One intriguing aspect is that, assuming I’ve followed correctly, this theory aims to unify different cognitive concepts in a way that might be testable:
On the one hand, it seems to suggest a path to generalizing circuits-typework to the model-based RL paradigm. (With shards, which bid for outcomes on a contextually activated basis, being analogous to circuits, which contribute to prediction probabilities on a contextually activated basis.)
On the other hand, it also seems to generalize the psychological concept of classical conditioning (Pavlov’s salivating dog, etc.), which has tended to be studied over the short term for practical reasons, to arbitrarily (?) longer planning horizons. The discussion of learning in babies also puts one in mind of the unfortunate Little Albert Experiment, done in the 1920s:
For the experiment proper, by which point Albert was 11 months old, he was put on a mattress on a table in the middle of a room. A white laboratory rat was placed near Albert and he was allowed to play with it. At this point, Watson and Rayner made a loud sound behind Albert’s back by striking a suspended steel bar with a hammer each time the baby touched the rat. Albert responded to the noise by crying and showing fear. After several such pairings of the two stimuli, Albert was presented with only the rat. Upon seeing the rat, Albert became very distressed, crying and crawling away.
[...]
In further experiments, Little Albert seemed to generalize his response to the white rat. He became distressed at the sight of several other furry objects, such as a rabbit, a furry dog, and a seal-skin coat, and even a Santa Claus mask with white cotton balls in the beard.
A couple more random thoughts on stories one could tell through the lens of shard theory:
As we age, if all goes well, we develop shards with longer planning horizons. Planning over longer horizons requires more cognitive capacity (all else equal), and long-horizon shards do seem to have some ability to either reinforce or dampen the influence of shorter-horizon shards. This is part of the continuing process of “internally aligning” a human mind.
Introspectively, I think there is also an energy cost involved in switching between “active” shards. Software developers understand this as context-switching, actively dislike it, and evolve strategies to minimize it in their daily work. I suspect a lot of the biases you might categorize under “resistance to change” (projection bias, sunk cost fallacy and so on) have this as a factor.
I do have a question about your claim that shards are not full subagents. I understand that in general different shards will share parameters over their world-model, so in that sense they aren’t fully distinct — is this all you mean? Or are you arguing that even a very complicated shard with a long planning horizon (e.g., “earn money in the stock market” or some such) isn’t agentic by some definition?

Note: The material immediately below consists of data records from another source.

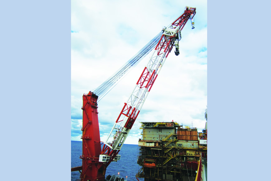 石油钻井平台专用起重机用于超万吨海上石油钻井平台、船舶等海工装备设施的吊装建造。与传统建造工艺相比,整体单次吊装可为用户节省200多万个工时,建造周期缩短30%以上。大连重工2006年为莱福士海洋工程有限公司设计制造的20000t石油钻井平台专用桥式起重机已成功应用于超万吨海上石油钻井平台的整体吊装合拢。
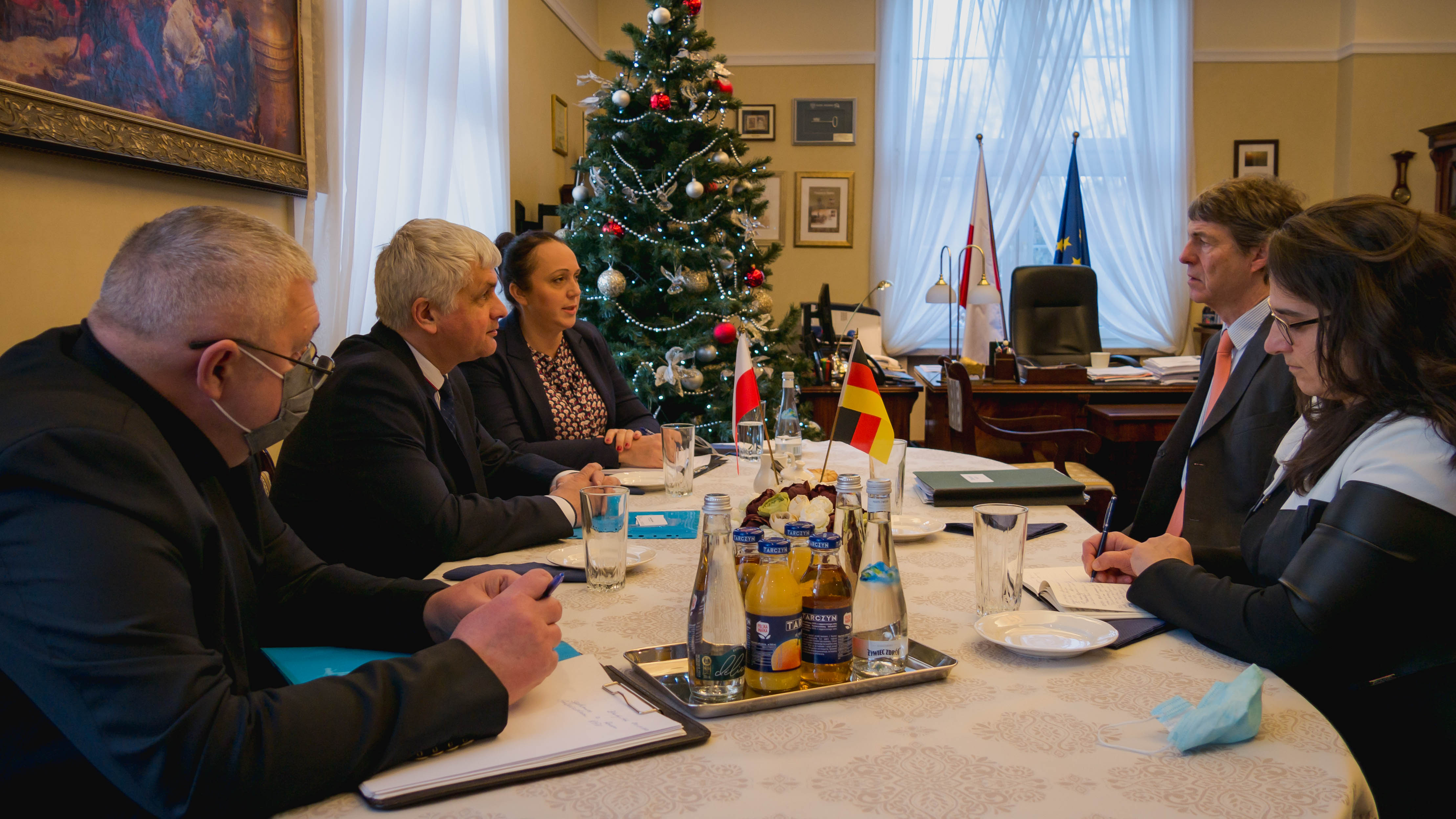 W spotkaniu wojewody podlaskiego Bohdana Paszkowskiego z ambasadorem Niemiec Arndtem Freytagiem von Loringhoven udział wzięli także: Silja Waibel - kierownik Wydziału Politycznego Ambasady Niemiec oraz Jarosław Cezary Worobiej - dyrektor Wydziału Programów Rządowych i Funduszy Europejskich PUW.
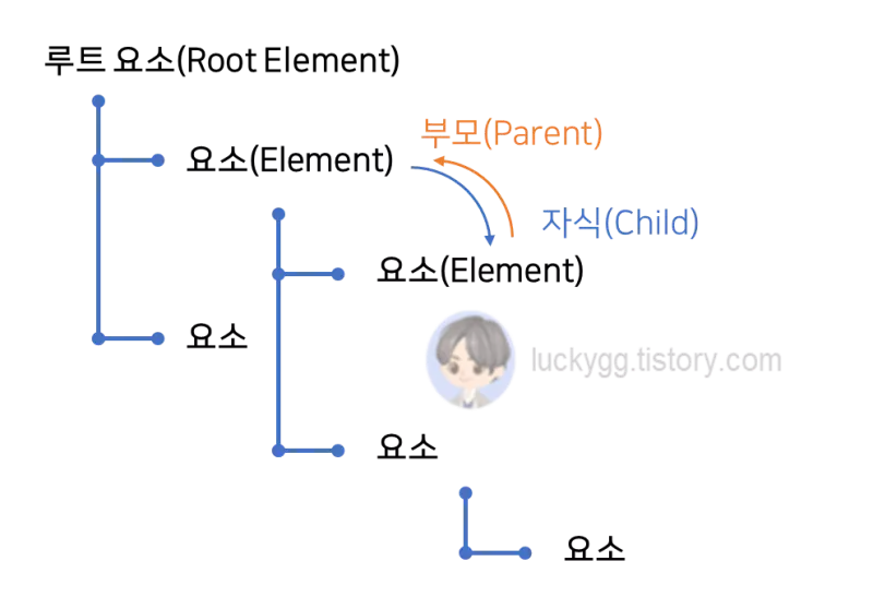 ธ๋(Node)๋ฅผ ์์(Element)๋ผ๊ณ ๋ถ๋ฅด๊ณ , ๋ฃจํธ(Root)๋ถํฐ ์์ํ์ฌ ํ์์์๊ฐ ์ด์ด์ง๋๋ค. ํ์ ์์ ์
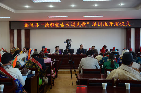 ????????12月2日至4日,都兰县举办了首届德都蒙古长调民歌培训班,培训班邀请了州音乐舞蹈协会负责人、德都蒙古长调省级非物质文化遗产传承人金花和国伟授课。来自巴隆乡、香加乡、宗加镇的50余名德都蒙古长调爱好者参加了此次培训。

I do have a question about your claim that shards are not full subagents. I understand that in general different shards will share parameters over their world-model, so in that sense they aren’t fully distinct — is this all you mean? Or are you arguing that even a very complicated shard with a long planning horizon (e.g., “earn money in the stock market” or some such) isn’t agentic by some definition?
I currently guess that even the most advanced shards won’t have private world-models which they can query in relative isolation from the rest of the shard economy. Importantly, I didn’t want the reader to think that we’re positing a bunch of homunculi. Maybe I should have just written that.

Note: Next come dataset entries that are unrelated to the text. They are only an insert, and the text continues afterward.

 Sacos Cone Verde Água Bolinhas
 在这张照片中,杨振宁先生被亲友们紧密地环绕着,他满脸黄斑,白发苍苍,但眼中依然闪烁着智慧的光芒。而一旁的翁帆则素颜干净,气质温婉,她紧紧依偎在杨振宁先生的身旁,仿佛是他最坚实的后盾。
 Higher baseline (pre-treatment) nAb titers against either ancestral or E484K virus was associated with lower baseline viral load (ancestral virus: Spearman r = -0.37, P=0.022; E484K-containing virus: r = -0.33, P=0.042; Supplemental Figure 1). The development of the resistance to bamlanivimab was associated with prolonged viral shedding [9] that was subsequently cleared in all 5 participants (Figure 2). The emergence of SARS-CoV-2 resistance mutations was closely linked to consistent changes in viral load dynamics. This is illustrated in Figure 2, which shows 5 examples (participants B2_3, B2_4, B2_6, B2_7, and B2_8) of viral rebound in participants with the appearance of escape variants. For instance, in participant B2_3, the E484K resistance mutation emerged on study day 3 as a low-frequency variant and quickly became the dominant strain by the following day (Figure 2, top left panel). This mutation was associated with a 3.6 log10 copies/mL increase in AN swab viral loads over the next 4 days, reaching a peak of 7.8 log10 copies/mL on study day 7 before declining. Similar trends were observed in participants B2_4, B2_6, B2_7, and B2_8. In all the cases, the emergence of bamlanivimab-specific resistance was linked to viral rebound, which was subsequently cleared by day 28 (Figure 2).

But I also feel relatively ignorant more advanced shard dynamics. While I can give interesting speculation, I don’t have enough evidence-fuel to make such stories actually knowably correct.
I currently guess that even the most advanced shards won’t have private world-models which they can query in relative isolation from the rest of the shard economy.
What’s your take on “parts work” techniques like IDC, IFS, etc. seeming to bring up something like private (or at least not completely shared) world models? Do you consider the kinds of “parts” those access as being distinct from shards?
I would find it plausible to assume by default that shards have something like differing world models since we know from cognitive psychology that e.g. different emotional states tend to activate similar memories (easier to remember negative things about your life when you’re upset than if you are happy), and different emotional states tend to activate different shards.
The proposal is that humans make choices based on subjective value [...] by perceiving a possible option and then retrieving memories which carry information about the value of that option. For instance, when deciding between an apple and a chocolate bar, someone might recall how apples and chocolate bars have tasted in the past, how they felt after eating them, what kinds of associations they have about the healthiness of apples vs. chocolate, any other emotional associations they might have (such as fond memories of their grandmother’s apple pie) and so on.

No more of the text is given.